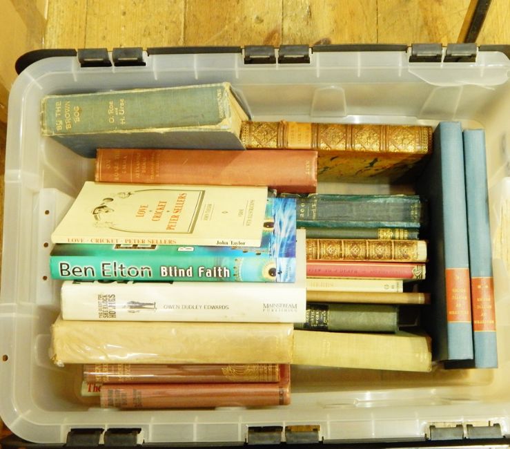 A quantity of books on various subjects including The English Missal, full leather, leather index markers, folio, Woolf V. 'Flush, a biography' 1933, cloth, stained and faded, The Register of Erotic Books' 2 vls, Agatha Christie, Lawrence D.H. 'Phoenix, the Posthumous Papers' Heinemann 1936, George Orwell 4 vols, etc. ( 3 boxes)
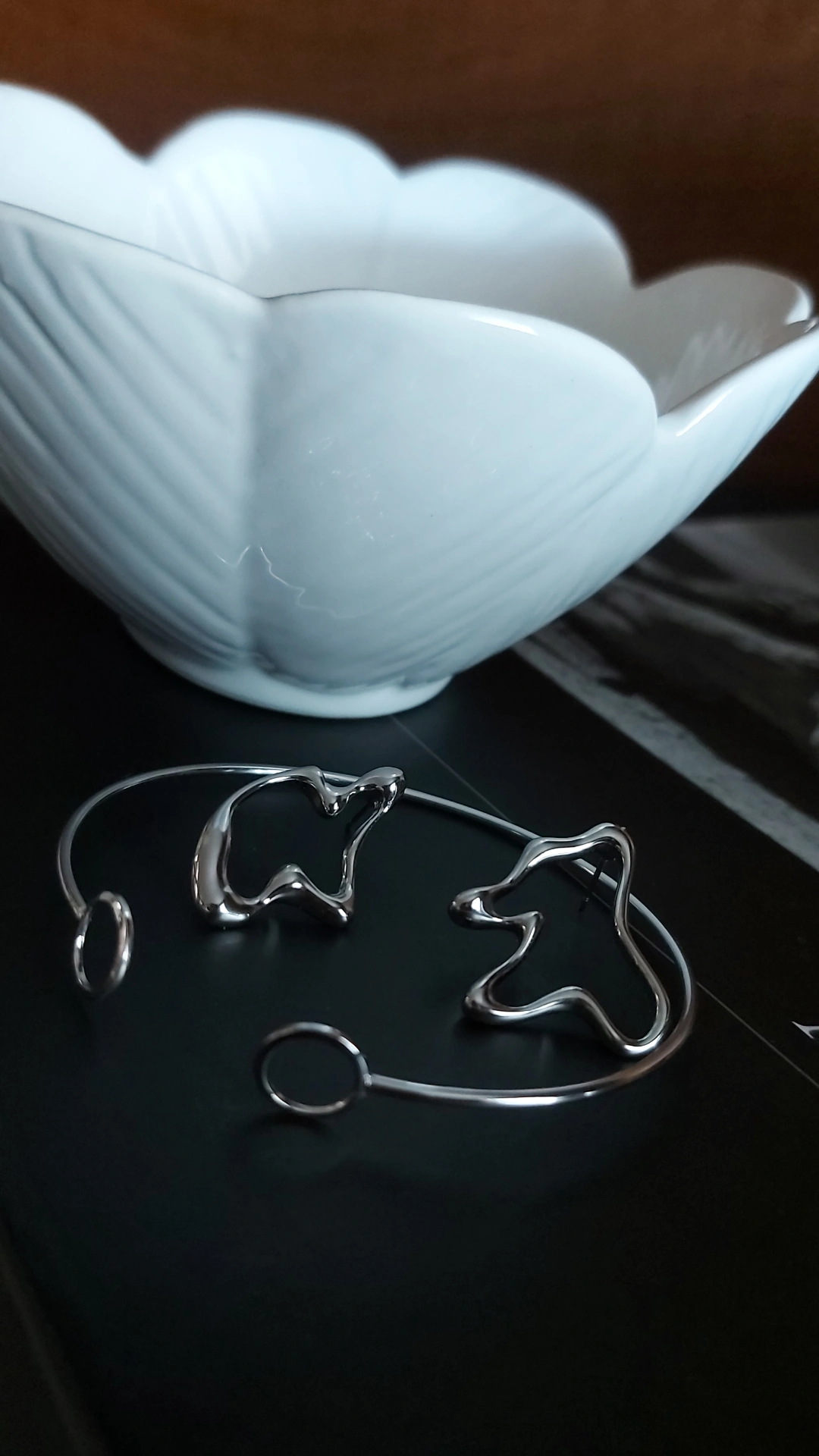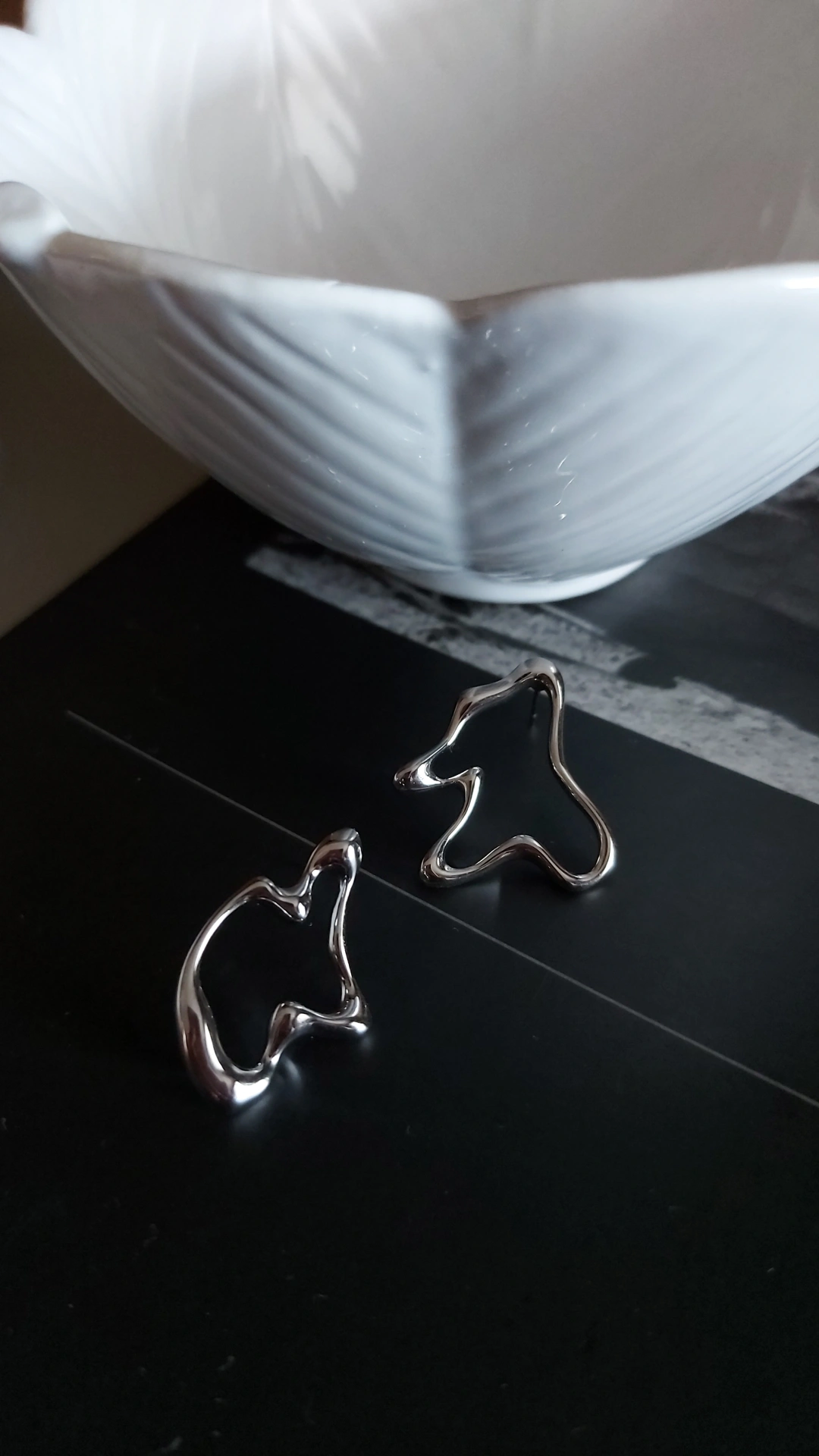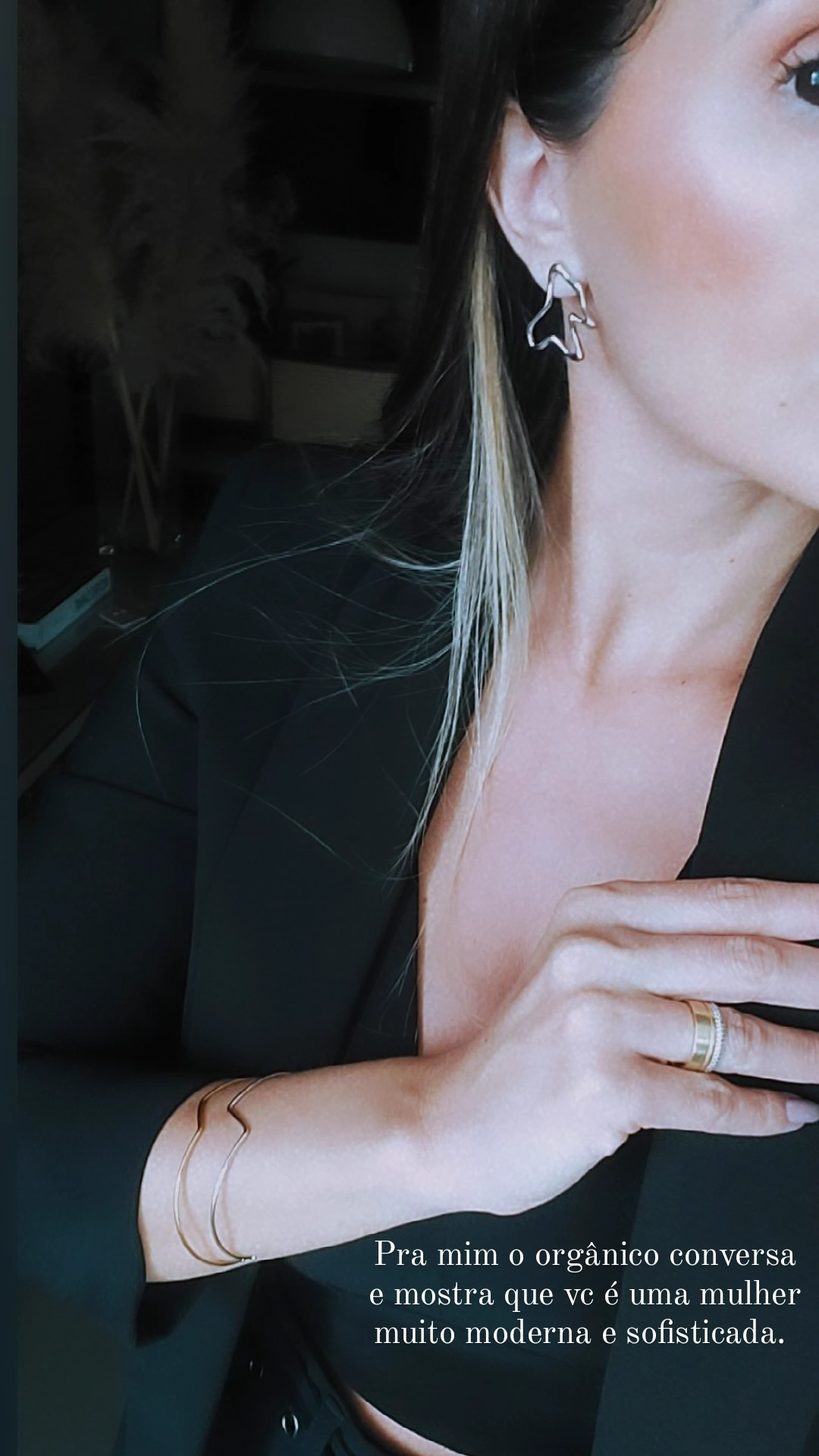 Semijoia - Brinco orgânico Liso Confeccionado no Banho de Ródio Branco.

□ □ □

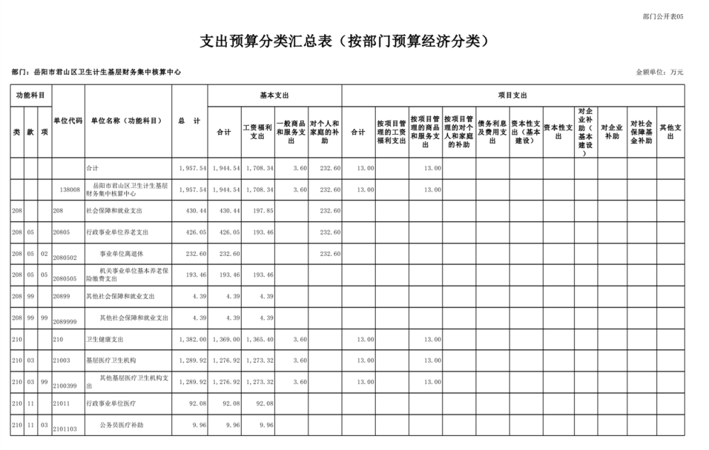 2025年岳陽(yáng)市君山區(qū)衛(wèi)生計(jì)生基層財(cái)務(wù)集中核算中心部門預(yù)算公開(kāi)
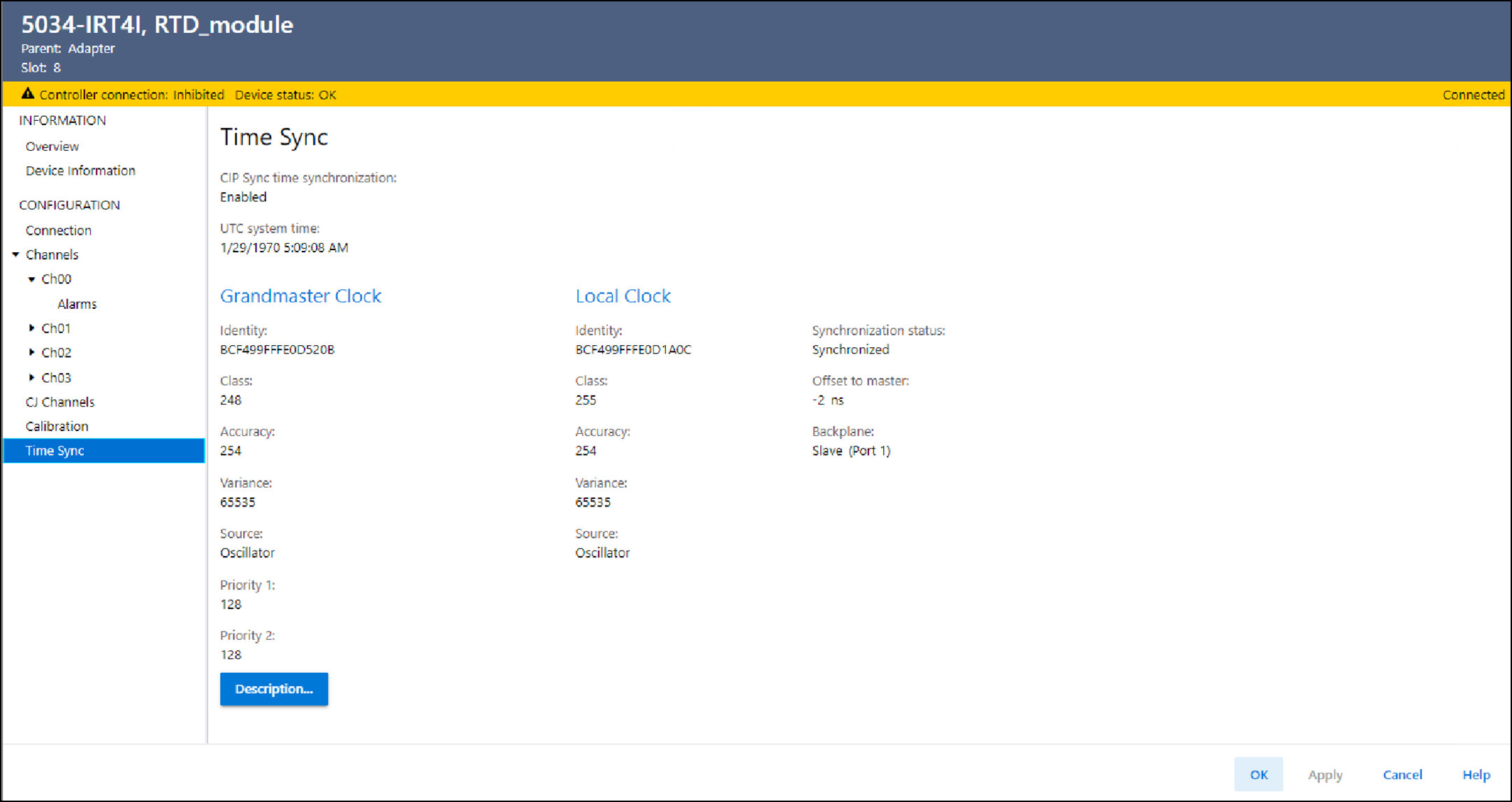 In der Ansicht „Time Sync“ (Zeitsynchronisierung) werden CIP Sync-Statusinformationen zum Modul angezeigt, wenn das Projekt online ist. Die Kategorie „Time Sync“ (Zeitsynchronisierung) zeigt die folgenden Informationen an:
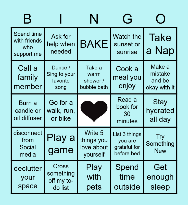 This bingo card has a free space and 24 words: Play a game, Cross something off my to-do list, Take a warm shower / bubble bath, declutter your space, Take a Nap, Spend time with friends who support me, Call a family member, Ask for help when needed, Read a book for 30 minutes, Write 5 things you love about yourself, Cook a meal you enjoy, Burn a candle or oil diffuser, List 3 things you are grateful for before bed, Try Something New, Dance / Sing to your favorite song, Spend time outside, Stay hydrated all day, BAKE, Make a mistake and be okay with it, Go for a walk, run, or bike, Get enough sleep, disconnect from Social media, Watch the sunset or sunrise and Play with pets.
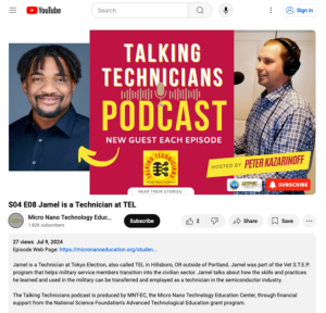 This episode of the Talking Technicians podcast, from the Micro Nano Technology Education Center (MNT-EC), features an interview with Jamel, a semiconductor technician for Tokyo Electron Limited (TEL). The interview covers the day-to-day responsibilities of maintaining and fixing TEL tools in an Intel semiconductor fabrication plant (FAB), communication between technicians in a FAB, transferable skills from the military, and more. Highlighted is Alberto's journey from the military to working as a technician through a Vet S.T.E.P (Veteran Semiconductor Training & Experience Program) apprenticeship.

□ □ □

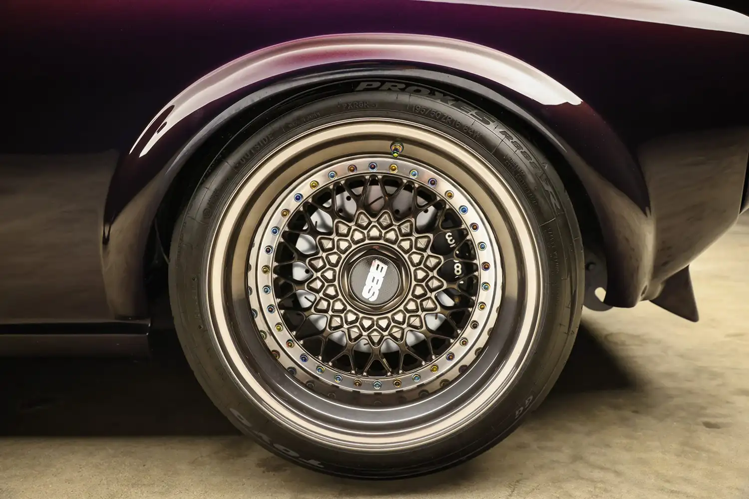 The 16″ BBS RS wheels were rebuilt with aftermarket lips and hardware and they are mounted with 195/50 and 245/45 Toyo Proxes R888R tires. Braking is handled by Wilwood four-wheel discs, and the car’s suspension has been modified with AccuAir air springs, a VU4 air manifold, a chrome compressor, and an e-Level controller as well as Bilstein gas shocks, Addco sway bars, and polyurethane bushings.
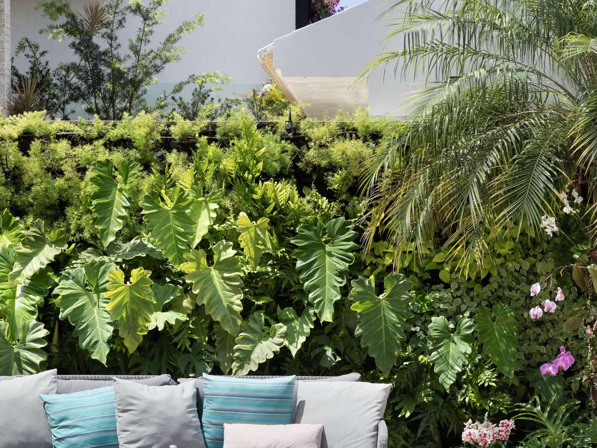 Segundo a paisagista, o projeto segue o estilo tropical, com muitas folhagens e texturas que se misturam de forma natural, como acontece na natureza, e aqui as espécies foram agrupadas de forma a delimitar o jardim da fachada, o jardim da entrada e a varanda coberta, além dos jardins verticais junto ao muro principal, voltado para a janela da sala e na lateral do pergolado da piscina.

□ □ □

From the records above, return exactly the lines running from the one that contains "A quantity of" down to the one that contains "Semijoia - Brinco", both included, without any pictures.

 A quantity of books on various subjects including The English Missal, full leather, leather index markers, folio, Woolf V. 'Flush, a biography' 1933, cloth, stained and faded, The Register of Erotic Books' 2 vls, Agatha Christie, Lawrence D.H. 'Phoenix, the Posthumous Papers' Heinemann 1936, George Orwell 4 vols, etc. ( 3 boxes)
 Semijoia - Brinco orgânico Liso Confeccionado no Banho de Ródio Branco.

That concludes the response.